The Curious Case of the Famous Violinist

First, the bad news: found out after my mandatory reorientation session earlier this week that the fingerprints I’d had done at the prison looooong ago had somehow never been processed, all the stranger because I was listed as “inactive” when the entire point of getting them done was to get final clearance to get active status, an official volunteer ID, permission to run the group alone, etc., all of which had indeed gone through. Though the actual finger printing act of course took minutes, the procedure of getting in and out took hours. And now I have to do it again.

If I didn’t know better, I’d think they don’t want us volunteers in there…

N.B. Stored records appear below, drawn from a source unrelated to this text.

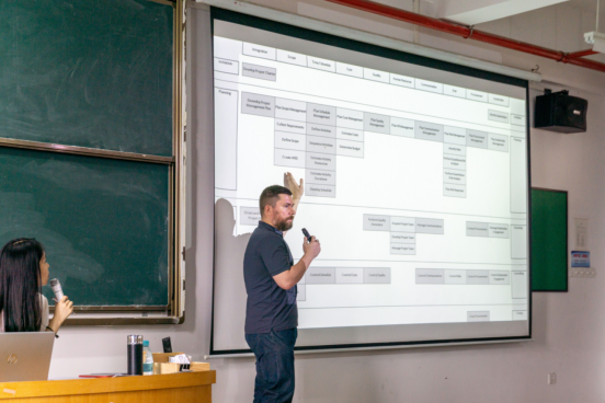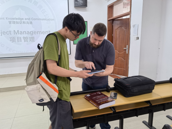 斯科特曾在加拿大,韩国和中国工作过,拥有二十年的项目管理经验,他指出项目经理需要具备的特质,并通过工作生涯中的实例来佐证项目管理过程,简洁明了地呈现了项目管理方法论在实际工作中的应用。针对项目管理领域的知识,斯科特鼓励同学们积极提问,帮助同学们建立项目管理意识和学会在实际中运用项目管理知识。同学们就项目管理规划、预算、团队建设、风险控制与管理等提出许多很好的问题,斯科特一一耐心回答并作出扼要点评。
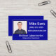 Classic Employee Photo ID business card in traditional design. Royal Blue background. All elements are changable or removable. Elements include: employee photo, employee name, company name, employee department, phone and email numbers. Matching badge also available.
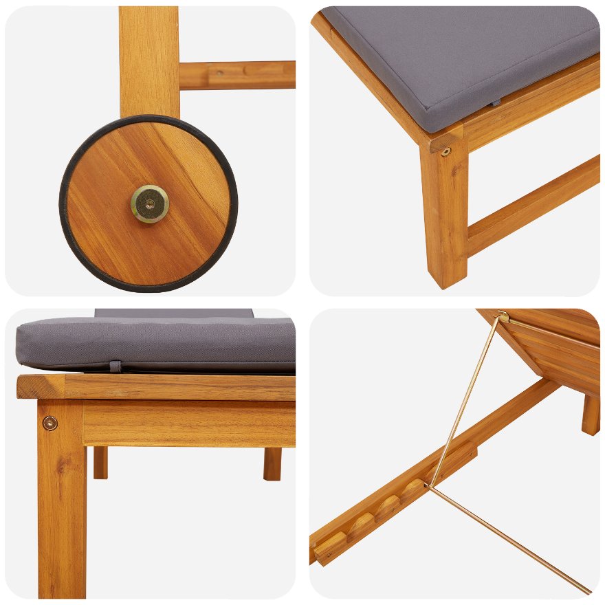 • Materiale: Fabricat din lemn masiv de acacia, acest șezlong îți oferă un loc solid și de încredere pentru a te relaxa. Acacia e rezistentă și rezistă la intemperii, așa că e perfectă pentru mobilierul de exterior. Nu doar că face șezlongul robust, dar adaugă și un farmec natural grădinii tale. Textura lemnului arată super, integrându-se perfect cu natura.
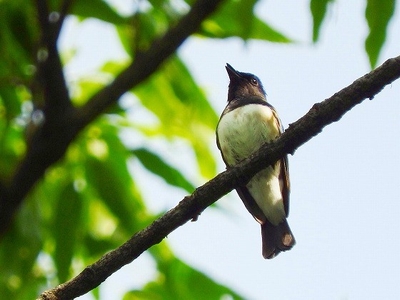 写真②、下の録音①②と動画は、この大型連休中、自宅近くの公園で見られたオオルリで、朝方30分以上さえずり続けて楽しませてくれた。翌日には姿は見られなかった。 |
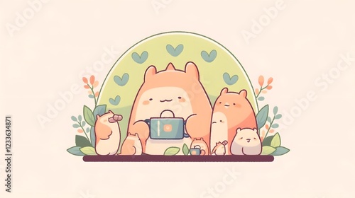 dreamy, herbal, warmth, capybara, hot drink, plant, minimalist, flat, pastel, natural, cosy, animal, rodent, wildlife, drink, beverage, lifestyle, decor, design, cute, cartoon, character, indoor, home, office, environment, peaceful, relaxing, mammal, cavy, pet, mug
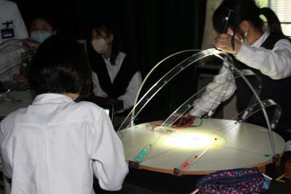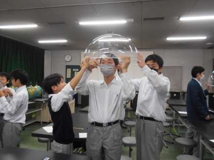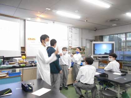 プラネタリウム学習では、今夜の星空や星座を鑑賞して「金星の動き方と見え方」について学習をしました。その後、各クラス毎に実験室学習をしました。

And now the best news (for those of you who won’t get to the end of the post below): during the course of our opening discussion of news events one of the men, working on his high school GED, and not a particularly confident speaker, remarked that the popular response to Trump’s treatment of the “gold star” family was ORWELLIAN. Reader, you may remember that we read Orwell’s 1984 last summer, also some of Orwell’s famous essays on language, and we’d discussed the novel’s lasting effects, and the deep ways that what he had to say about the politics and metaphysics of language still resonated. And good lord that was well before Trump time. Hearing that expression trip off his tongue was simply thrilling, illuminating a shift in worldview, a novel conceptual framework, a whole new way of thinking and talking about things. And about himself as an epistemic agent. Powerful and empowering.

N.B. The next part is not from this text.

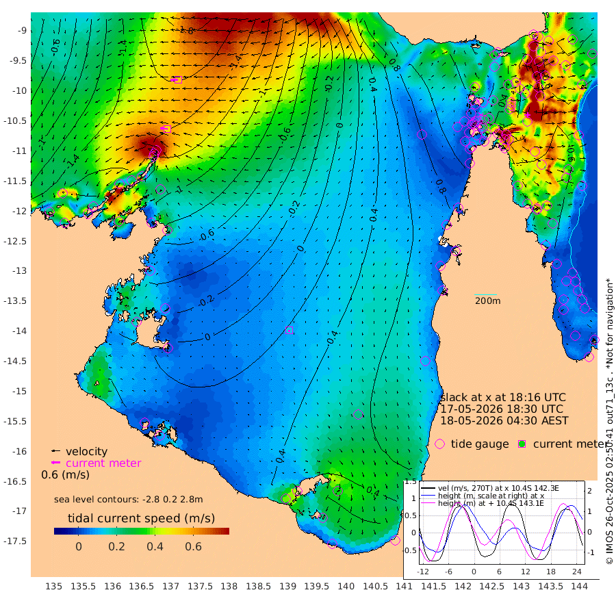 51cm/s -85T +3cm/s rms + 7cm/s -42T. ARA-GOC87 57m 14cm/s -178T +3cm/s rms + 2cm/s -2T. ARA-GOC87 60m 54cm/s -94T +2cm/s rms + 3cm/s 61T. ARA-GOC87 47m -54cm Daru -73cm Bobo Island -53cm Meer Island Barge -68cm Bramble Cay -64cm Unnamed Cay -76cm Pearce Cay -70cm Stephens Island -69cm Merrie England Shoals -54cm Mutacomal Reef -65cm Darnley Island Barge -55cm East Cay -59cm Yorke Island Barge -56cm Rennel Island -57cm Aureed Island -35cm Dungeness Reef -5cm Zagai Island 5cm Yam Island 67cm Dauan Island 63cm Saibai Island 57cm Phipi Reef 10cm Warrior Reef - West 67cm Mabuiag Island Barge -61cm Half Way Island -44cm Coconut Island -48cm Dugong Islet -20cm Poll Island -20cm Kirkcaldie Reef 24cm Suarji Island -11cm Sue Islet 93cm Hawkesbury Island 30cm Alert Patches 16cm Twin Island 88cm Badu Island 27cm St Pauls (Moa Island) 69cm Kubin (Moa Island) 47cm Ince Point 62cm Thursday Island 59cm Nardana Patches 79cm Turtle Head 88cm Round Island 96cm Goods Island 117cm Booby Island 105cm White Rocks Area 108cm Carpentaria 13cm Papou Point 122cm Bampfield Head 98cm Crab Island 111cm Red Wallis Island 89cm Packe Island -54cm Harrington Reef 127cm Herald Camp 14cm Sharp Point 63cm Red Island Point 45cm Possession Island 8cm Alpha Rock -14cm Frederick Point -55cm Wyborn Reef Light -46cm Tetley Island -36cm Triangle Reef -72cm Turtle Head Island -40cm Maclennan Cay -34cm Raine Island -58cm Mcsweeny Reef -54cm Collette Reef -39cm Shadwell Reef -67cm Hannibal Island -67cm Round Point 94cm Vrilya Point -52cm Cape Grenville -53cm Hicks Island -38cm Sir Charles Hardy Island -16cm Harvey Island -48cm Kay Reef -38cm Rocky Island -31cm Chapman Island -31cm Ham Reef -40cm Jubilee Reef -36cm Night Island -32cm Unnamed Reef No. 3 -45cm Morris Island -34cm 1st 3 Mile Opening -38cm Creech Reef -44cm Fife Island -58cm Eden Reef -43cm Stanley Island -60cm Normanby River -175cm Yabooma Island -227cm Hutchison River -190cm Elcho Island -180cm North West Crocodile Island -158cm Cape Wessel -192cm Stevens Island -177cm Guluwuru Island -160cm Hopeful Bay -162cm Auster Point -174cm Two Island Bay -235cm Cadell Strait -188cm Mallison Island -149cm Melville Bay (Gove Harbour) -159cm Truant Island -102cm Cape Arnhem -68cm Cape Grey -48cm Hawk Island -15cm Milner Bay (Groote Eylandt) -3cm Cape Beatrice 46cm West Island 49cm Centre Island 55cm Mornington Island 60cm West Wellesley Islands 74cm Bountiful Island 39cm Albert River Mouth 37cm Sweers Island 56cm Karumba 76cm Nassau River Offshore 87cm Christmas Creek 81cm Archer River 82cm Boyd Point 94cm Weipa (Humbug Point) 65cm Pennefather River 104cm Cullen Point

And luckily the missing fingerprints news was followed quickly (a day later) by a fantastic discussion in house of Judith Jarvis Thomson’s “A Defense of Abortion,” as we closed out a section of the critical thinking text with seven examples from ordinary sources in which arguments from analogy were pivotal: from some short and sweet commercials and letters to the editor, to an appeal to precedent in a cool piece by the head of the ACLU *advocating* that Obama pardon the black site torturers (after the release of the CIA torture papers in late 2014), to, finally last night, the JJT article. Their first response, like that of most first readers, was something like an outraged stammering protest: But but but pregnancy is nothing like this example! But then we backed right up to the (logical) beginning: well, what exactly is the conclusion she is after? And what is her main line of argument? What ways is this new case *supposed* to be like the violinist case? What differences are relevant, and why? We always have trouble in these meetings staying on track, particularly when feeling about the topic runs high, as certainly was the case on this one, but once we got going last night, not a problem at all.

I could not love working on the logic of a position on the ground, with a group with so much at stake, more.